Le pays est confronté à une période difficile, marquée par des tensions sociales croissantes, une croissance fragile et des inégalités territoriales accentuées. Néanmoins, le gouvernement persiste dans une approche qualifiée par le député socialiste de «politique de l’autruche», évitant ainsi d’affronter la réalité.

Cette critique ne découle pas d’une idéologie, mais d’un constat tangible. Rien dans ce texte budgétaire ne montre une prise de conscience de la profondeur du malaise social. Les mots «continuer, renforcer, poursuivre» sont répétés, comme si les «crises asphyxiantes» mentionnées par Omar Anan n’avaient pas révélé les vulnérabilités structurelles de notre modèle économique.
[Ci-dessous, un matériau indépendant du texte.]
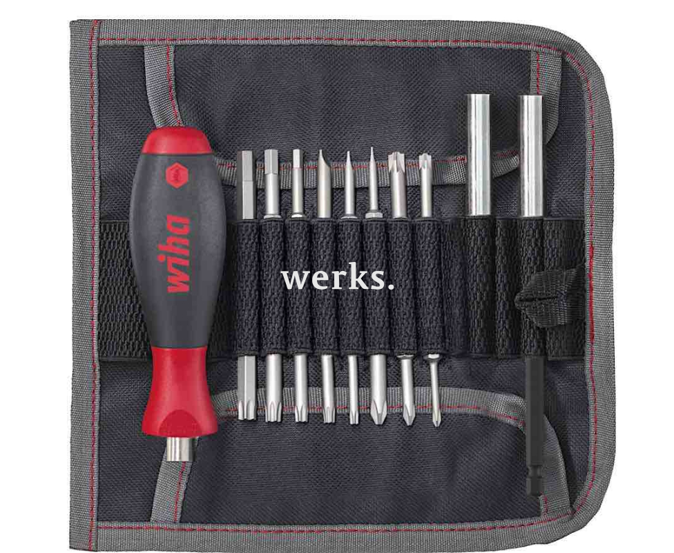Комплект из 50-мм двусторонних бит (SL PH HEX TORX SL/PZ) с эргономичной рукояткой SoftFinish и двумя магнитными держателями для бит, предназначенный для монтажных и ремонтных задач. Включает специальные длинные биты, которые позволяют выкручивать винты в труднодоступных местах. Удобная портативная сумка-скатка из нейлона. В наборе 20 элементов. Подходит для использования как вручную, так и с помощью электроинструментов.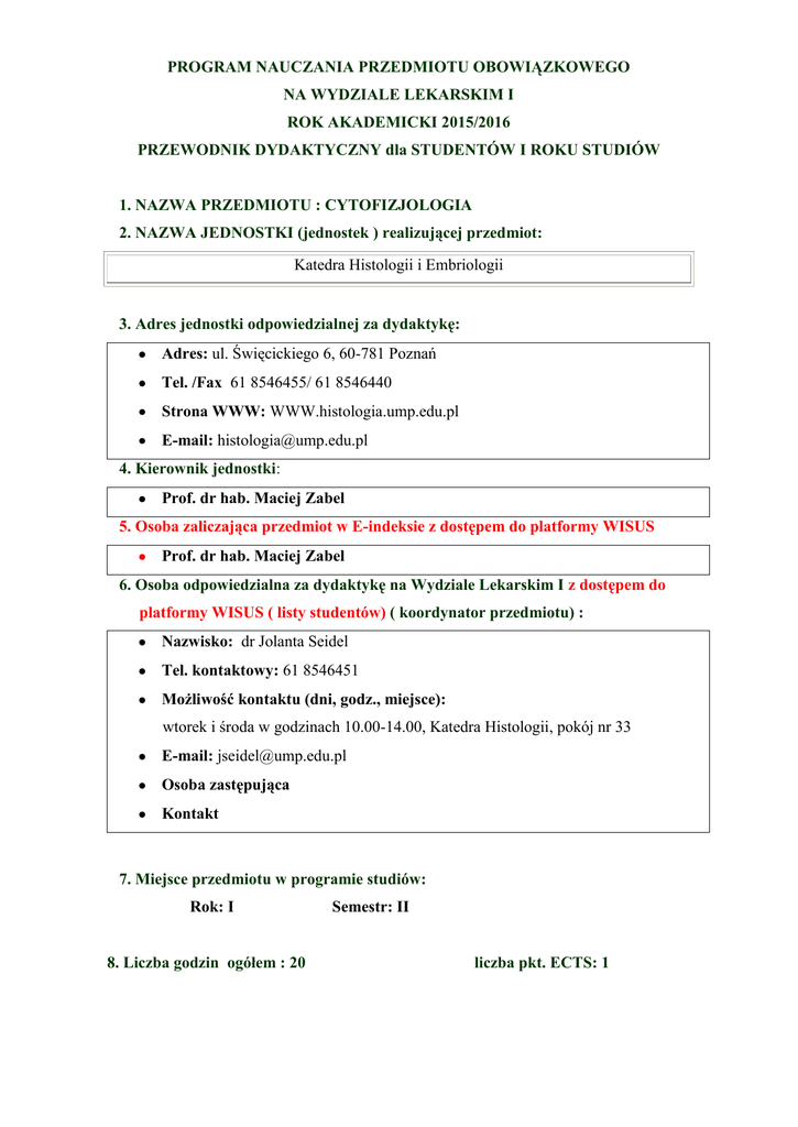PROGRAM NAUCZANIA PRZEDMIOTU OBOWIĄZKOWEGO NA WYDZIALE LEKARSKIM I ROK AKADEMICKI 2015/2016 PRZEWODNIK DYDAKTYCZNY dla STUDENTÓW I ROKU STUDIÓW 1. NAZWA PRZEDMIOTU : CYTOFIZJOLOGIA 2. NAZWA JEDNOSTKI (jednostek ) realizującej przedmiot: Katedra Histologii i Embriologii 3. Adres jednostki odpowiedzialnej za dydaktykę: Adres: ul. Święcickiego 6, 60-781 Poznań Tel. /Fax 61 8546455/ 61 8546440 Strona WWW: WWW.histologia.ump.edu.pl E-mail: [email protected] 4. Kierownik jednostki: Prof. dr hab. Maciej Zabel 5. Osoba zaliczająca przedmiot w E-indeksie z dostępem do platformy WISUS Prof. dr hab. Maciej Zabel 6. Osoba odpowiedzialna za dydaktykę na Wydziale Lekarskim I z dostępem do platformy WISUS ( listy studentów) ( koordynator przedmiotu) : Nazwisko: dr Jolanta Seidel Tel. kontaktowy: 61 8546451 Możliwość kontaktu (dni, godz., miejsce): wtorek i środa w godzinach 10.00-14.00, Katedra Histologii, pokój nr 33 E-mail: [email protected] Osoba zastępująca Kontakt 7. Miejsce przedmiotu w programie studiów: Rok: I 8. Liczba godzin ogółem : 20 Semestr: II liczba pkt. ECTS: 1 Jednostki uczestniczące w nauczaniu przedmiotu Semestr letni liczba godzin W Ć Ćwiczenia kategoria S Katedra Histologii i Embriologii 20 Razem: 20 9. Zakres wiedzy ( zgodnie z Rozporządzeniem Ministra Nauki i Szkolnictwa Wyższego z dnia 9 maja 2012 r. w sprawie standardów kształcenia dla kierunków Studiów: lekarskiego B.W12. charakteryzuje struktury I-, II-, III- oraz IV-rzędowe białek; zna modyfikacje potranslacyjne i funkcjonalne białka oraz ich znaczenie; B.W13. zna funkcje nukleotydów w komórce, struktury I- i II-rzędową DNA i RNA oraz strukturę chromatyny; B.W14. zna funkcje genomu, transkryptomu i proteomu człowieka oraz podstawowe metody stosowane w ich badaniu; opisuje procesy replikacji, naprawy i rekombinacji DNA, transkrypcji i translacji oraz degradacji DNA, RNA i białek; zna koncepcje regulacji ekspresji genów; B.W21. zna sposoby komunikacji między komórkami, a także między komórką a macierzą zewnątrzkomórkową oraz szlaki przekazywania sygnałów w komórce i przykłady zaburzeń w tych procesach prowadzące do rozwoju nowotworów i innych chorób; B.W22. zna procesy takie jak: cykl komórkowy, proliferacja, różnicowanie i starzenie się komórek, apoptoza i nekroza oraz ich znaczenie dla funkcjonowania organizmu; B.W28. zna mechanizmy starzenia się organizmu; B.W30. zna związek między czynnikami zaburzającymi stan równowagi procesów biologicznych a zmianami fizjologicznymi i patofizjologicznymi; B.W33. zna możliwości współczesnej telemedycyny jako narzędzia wspomagania pracy lekarza; 10. Umiejętności ( zgodnie z Rozporządzeniem Ministra Nauki i Szkolnictwa Wyższego z dnia 9 maja 2012 r. w sprawie standardów kształcenia dla kierunków Studiów: lekarskiego B.U6. przewiduje kierunek procesów biochemicznych w zależności od stanu energetycznego komórek; B.U11. korzysta z baz danych, w tym internetowych, i wyszukuje potrzebną informację za pomocą dostępnych narzędzi; 11. SYLABUS Na końcu przewodnika 12.Tematyka poszczególnych wykładów, ćwiczeń i seminariów Seminaria - Semestr letni Imię i nazwisko osoby prowadzącej zajęcia Tematyka seminariów Organella komórkowe. (B.W21; B.U11) Seminarium 1. Seminarium 9. Mitochondria, lizosomy, peroksysomy. (B.W21; B.U6; B.U11) Jądro komórkowe. Dziedziczenie. (B.W12; B.W13; B.W14) Cykl komórkowy i jego regulacja, starzenie się komórki, apoptoza. (B.W21; B.W22; B.W30; B.W28; B.U11) Adhezja, cząsteczki adhezyjne w rozwoju zarodkowym, nowotworach, w procesie zapalnym. (B.W21; B.W30; U11) Komunikacja międzykomórkowa – odbiór oraz przekazywanie sygnałów z udziałem receptorów. (B.W21; B.U11) Podstawy obrony immunologicznej. (B.W21; B.W30; B.U11) Kancerogeneza. Angiogeneza. (B.W21; B.W33; B.U11) Cytofizjologia śródbłonka i mięśnia sercowego. (B.W30; B.W33; B.U11) Seminarium 10. zaliczenie - test Seminarium 2. Seminarium 3. Seminarium 4. Seminarium 5. Seminarium 6. Seminarium 7. Seminarium 8. Izabela Pieścikowska Marcin Trejter Marcin Ruciński Jolanta Seidel Karolina Wojtowicz Marianna Tyczewska Agnieszka Malińska Patrycja SujkaKordowska Ludmiła Rafińska nauczyciele prowadzący zajęcia 13. Organizacja zajęć: Seminaria odbywają się w poniedziałki (grupy: 4,5,7,8) i w środy (grupy 1,2,3,6,9,10) Poniedziałki Środy SALA Gr. 4,5 – godz. 13.30- 15.00 Gr. 2,3 – godz. 11.30-13.00 A Grupa 4 Grupa 2 B Grupa 5 Grupa 3 SALA Gr.7,8 –godz. 15.00 – 16.30 Gr.6,9 – godz. 13.15 – 14.45 A Grupa 7 Grupa 6 B Grupa 8 Grupa 9 SALA Gr. 1,10 – godz. 15.00- 16.30 A Grupa 1 B Grupa 10 PLAN SEMINARIÓW Z CYTOFIZJOLOGII 2015/2016 PONIEDZIAŁEK ŚRODA SALA A SALA B 4, 7 5, 8 GRUPY DATA SEMINARIA GRUPY DATA SALA A SALA B 2,6,1 3,9,10 SEMINARIA 22.02.2016r. 1 2 24.02.2016r. 1 2 29.03.2016r. 2 1 02.03.2016r. 2 1 07.03.2016r. 3 4 09.03.2016r. 3 4 14.03.2016r. 4 3 16.03.2016r. 4 3 21.03.2016r. 5 6 23.03.2016r. 5 6 04.04.2016r. 6 5 06.04.2016r. 6 5 11.04.2016r. 7 8 13.04.2016r. 7 8 18.04.2016r. 8 9 20.04.2016r. 8 9 25.04.2016r. 9 7 27.04.2016r. 9 7 09.05.2016r. Sprawdzian końcowy 11.05.2016r. Sprawdzian końcowy Aktualny podział grupy studenckiej na stronie internetowej jednostki : www.histologia.ump.edu.pl REGULAMIN ZAJĘĆ: 1. Zajęcia odbywają się w II semestrze i prowadzone będą na sali ćwiczeniowej Katedry Histologii i Embriologii wg załączonego harmonogramu (strona www) 2. Na zajęcia studenci zobowiązani są opanować odpowiedni zakres materiału teoretycznego zgodnie z zamieszczonym harmonogramem. 3. Student jest zobowiązany do prowadzenia zeszytu, w którym na zakończenie każdych zajęć asystent wpisuje zaliczenie. Zajęcia zaliczane są na podstawie aktywności studenta. 4. Po zakończeniu seminariów studenci piszą sprawdzian końcowy (test 100 pytań) z całości przerobionego materiału. Sprawdzian końcowy można poprawiać dwukrotnie. 5. Studenci, którzy byli

Il suffit de regarder la vie quotidienne des Marocains. Les prix des légumes et des fruits atteignent des sommets qualifiés par le parlementaire de «sans précédent». Le pouvoir d’achat des ménages s’érode jour après jour. La crise de la viande rouge, la dégradation du cheptel due à des politiques agricoles mal pensées, ainsi que les pénuries d’eau potable dans plusieurs régions illustrent, selon Anan, «la fragilité de la gestion» gouvernementale. L’USFP reconnaît les efforts réalisés ici et là, mais refuse de fermer les yeux sur ce que le député appelle «des erreurs majeures» ayant conduit à «des échecs économiques et sociaux évidents».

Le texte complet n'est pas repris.